A briefing paper by CEOs for Cities summed it up well in three key points: 1) When metropolitan areas are economically segregated, every problem becomes harder to address; 2) suburban sprawl has been an engine of economic segregation; and 3) infill development increases the possibilities for stable integrated neighborhoods.

It’s A Choice

In an especially ominous statement for Memphis, the researchers wrote: “Suburban sprawl becomes especially damaging in metropolitan areas with weak job and population growth…the outward movement of middle and affluent households and rising concentrated poverty creates a reinforcing cycle of decline.

These facts are why we get so exorcised by the continued investments in wider lanes and more roads. These are not just curious decisions. They are in fact attacks on our city’s future.

Worst of all, they are made as if we are not making choices, serious choices about the future of our city.

Jared Diamond wrote in his book, Collapse, about how “societies choose to fail or succeed.” In other words, sprawl did not just happen in Shelby County. It was a choice. The suffocating county government debt did not just happen. It was a choice. The hollowing out of the urban core did not just happen. It was a choice. The dependence on low-wage, low-skill jobs did not just happen. It was a choice.

Rubber Stamping Sprawl

Diamond describes in his best-seller how civilizations that formerly flourished made choices that doomed them to catastrophe, and many of these bad decisions were tied to the squandering of resources, to ignoring trouble signs that the environment emits and to the cutting down of too many trees.

It sounds familiar. For more than 20 years, when Memphis City Council routinely approved any development within the 3-5 mile extraterritorial area outside of the city limits, there seemed to be no sense that it was making a choice.

Developers wanted more development, and these areas were outside of the city limits, so there was no perceived cost in giving them what they asked for. Actually, every vote on one of the developments was as a choice — to shift public investments to the suburban fringe rather than spend them on strengthening the urban core and capitalizing on the public infrastructure already paid for there.

For more than two decades, when the Shelby County Board of Commissioners voted time after time to approve every development placed on their agendas, they never had a sense that they were making a choice that was fueling sprawl and setting in motion their own march to the brink of bankruptcy, cuts in services and erosion of their ability to take a leadership role in the community.

Ignoring The Signs

Like many of the societies described in Diamond’s book, our community made the choice to ignore the warning signs, always believing that the flow of money was endless, short-term benefits were as good as long-term ones and the political power structure was unshakeable. In the end, the seminal question of Collapse is: How can society best avoid destroying itself?

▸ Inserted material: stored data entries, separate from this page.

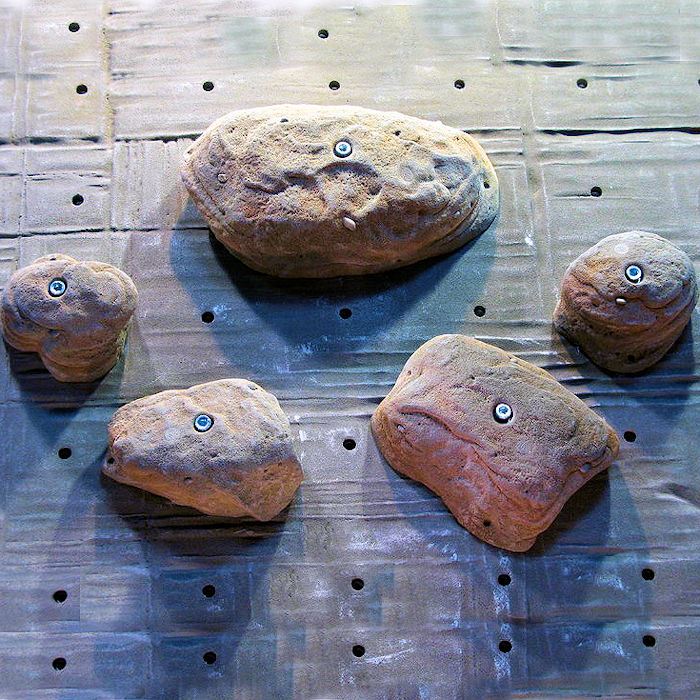 Dieses Klettergriffe-Set besteht aus 5 große - unterschiedlich geformte Klettergriffe. Mit diesem Set bringen Sie das Echt-Fels-Kletter-Feeling in die Halle. Die bräunlichen Griffe kommen der rauen Natur sehr nahe. Kein Griff ist nach Maß sondern hat natürlich geformte Rundungen, was den Kletterern ein echtes Gefühl von Felsen unter ihren Fingern bringt.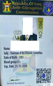 دائرة التحقيقات في الهيئة، وفي معرض حديثها عن عمليَّة الضبط التي تمت بموجب مذكرةٍ قضائيَّةٍ، أفادت بتلقي مديريَّة تحقيق الهيئة في المحافظة معلوماتٍ عن مجموعةٍ تتواجد في ديوان محافظة نينوى تدعي الانتماء إلى”هيئة مكافحة الفساد وإدارة الأزمات”، وأن هذه المجموعة أقدمت على تقديم كتب ووثائق؛ لغرض الحصول على موافقة المحافظ على افتتاح مكتب للهيئة؛ بغية ممارسة أعمالها.
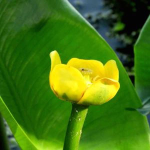 今朝の散歩道。 グリーンプラザの裏の水辺に、西洋コウホネの花が咲いていました。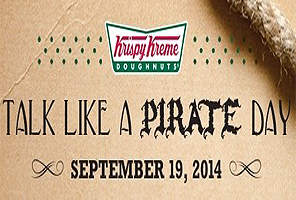 Reminder: FREE Original Glazed Doughnut at Krispy Kreme when you talk like a pirate or if you wear full pirate attire you can get a FREE Dozen Original Glazed Doughnuts at participating Krispy Kreme on September 19, 2014. Call your local Krispy Kreme to be sure they are participating.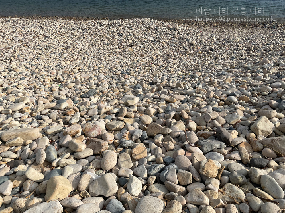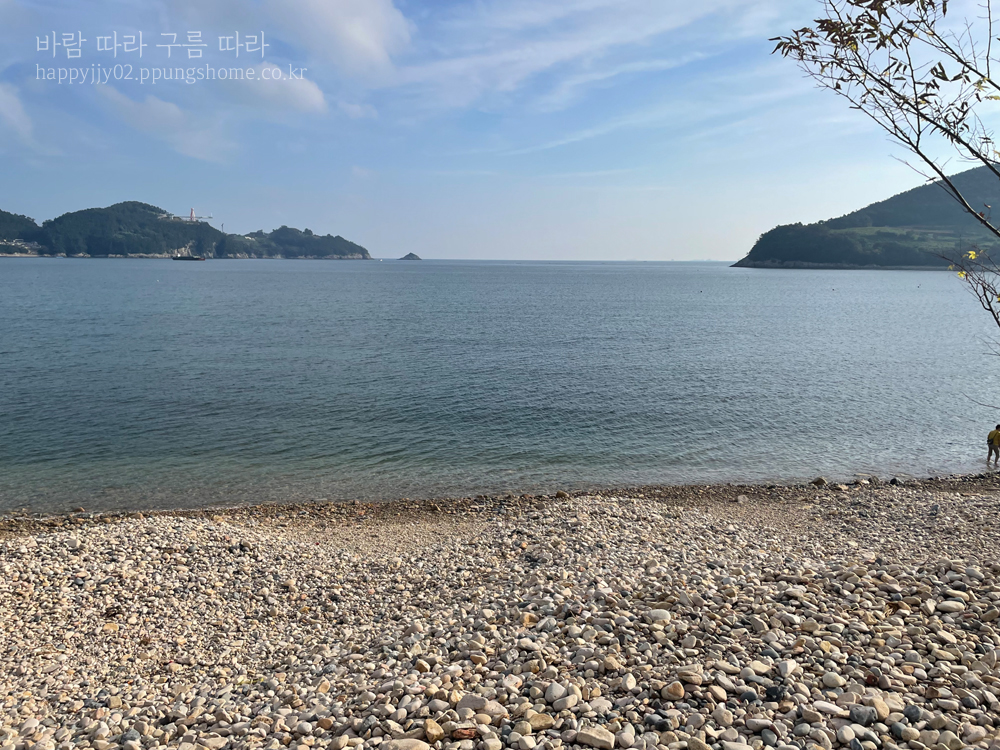 남해에는 몇 군데의 몽돌해변이 있는데요. 제가 간 곳은 천하몽돌해변이라는 곳이었습니다. 바닷가가 모래나 자갈이 아니라 동글동글한 돌이 쫙 깔려 있어서 정말 예쁘더라고요. 10월 초였음에도 바닷물이 차갑지 않아서 잠시 바다에 들어갔다가 나오기도 했답니다. 모래가 아니라 돌이나 보니 바닷물이 정말 맑았는데요. 스노쿨링을 해도 좋을 것 같은 느낌이 들었어요.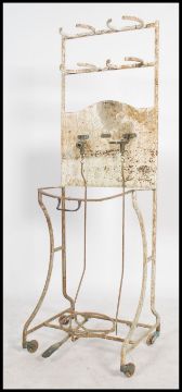 A 1930's Art Deco French Industrial metal painted medical / surgical instrument stand bearing makers plaque to the centre. The base on original castors with metal upright back panel with recesses and stands

It’s a question that should be applied to every project, program or policy of local government for the near future.

If, as the Chamber official suggested, our community is ready to be a national leader for urban rejuvenation, our leaders should begin by applying Diamond’s question to the proposed I-269, a pork project with no economic or social benefit to Memphis.

Don’t believe the propaganda or media headlines. Even The Commercial Appeal editorialized: “Chances are good that speeding up the completion of Tenn. 385 and I-269 will have the desired effect, creating more jobs and circulating more money in the local economy.”

Should we really be building an interstate if the best we can say is “chances are good” it will create new jobs and economic growth? There is no research to back up that conclusion, and more to the point, I-269 is just another giant magnet pulling jobs and people out of the urban core.

Asking The Right Question

We need to connect the dots – these massive sprawl-inducing, car-dependent investments are not only gifts to developers, but they are killing off the city whose health will determine whether the region survives.

If nothing else, it’s time to connect the dots – cause and effect – and to ask the paraphrased question from Collapse: How can Memphis best avoid destroying itself?